California Advances Updated Delta Water Tunnel Project to Increase Water Supplies

The project could capture water to supply 2.3 million people.

California advanced the updated Delta water tunnel project to increase water supplies that would provide more water to millions of people in the San Joaquin Delta in Northern California and some to the South, as reported in the release of the final lengthy environmental impact report of the plan.

The proposal discussed that a 36-foot-wide tunnel, buried deep underground, would carry water for 45 miles from the Sierra Nevada mountains to Bethany Reservoir in the Central Valley near Tracy, which would then be pumped to residents.

California Advances Updated Delta Water Tunnel Project

The officials said their plan was essential to increase water supplies and improve earthquake resilience.
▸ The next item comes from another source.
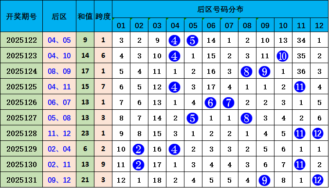 后区分析:上期后区开出09 12,跨度3,近十期跨度是:1、6、1、7、1、3、1、2、9、3,波动范围较大,跨度范围在1-9之间,本期预计跨度值上升,重点关注号码05 10,跨度5。

California Gov. Gavin Newsom said in a press release on the project on December 11 that doing nothing was not an option.

"After the three driest years on record, we didn't have the infrastructure to fully take advantage of an exceptionally wet year, which will become more and more critical as our weather whiplashes between extremes," he added.

When heavy rains pour down on Northern California in January, the project could capture water to supply 2.3 million people. Instead, the freshwater through watersheds and downriver would end up in the ocean.

The governor's office stated that about two-thirds of the state's water originates in the Sierra Nevada mountains, and water management projects already provide water to 27 million people and 750,000 acres of farmland in the state, with economic benefits estimated at $400 billion.

However, the state is forecasted to lose 10 percent of its water supply by 2040.

Newsom explained that the proposed project was essential to updating the water system for millions of Californians. The new approach would redesign following community and environmental input, which is how they can build a California of the future.

Now, construction on the project could start as early as 2030.

US-ENVIRONMENT-DROUGHT-WATER
Vehicles cross a bridge over the California Aqueduct along US 395 highway in Victorville, California on August 18, 2022. - The aqueduct is a system of canals, pipelines and tunnels transporting water collected from the Sierra Nevada Mountains and valleys of Northern and Central California to Southern California. California farmers are paying a premium for water of leaving their fields to sit empty amid an ongoing drought in the western United States, marking the region's driest 22-year stretch in more than 1,200 years, according to the US Drought Monitor. FREDERIC J. BROWN/AFP via Getty Images

Environmental Concerns

Some environmental groups have questioned the project's impact on fish and the surrounding area. The 3,500-page environmental review also found similar concerns with certain species, including Chinook salmon.

The review recommended a series of mitigation efforts, including filters on entranceways to reduce the risk of death to specific fish.

California's well-funded environmentalists disapprove of almost any new large-scale water infrastructure project. Furthermore, Delta farmers and community leaders also fear any tunneling project that would degrade their Delta even more.

Restore the Delta, a Stockton-based group adamantly opposed to the tunneling plan, said that the state needs to speak openly about the sacrifices expected of the people of the Delta for the project to advance.

Doug Obegi, a Natural Resources Defense Council lawyer, explained that the project would result in a worse ecological state for native fish and wildlife in the Delta.

The Delta Counties Coalition called the project another deficient plan that would do little to improve statewide water supplies and harm the Delta.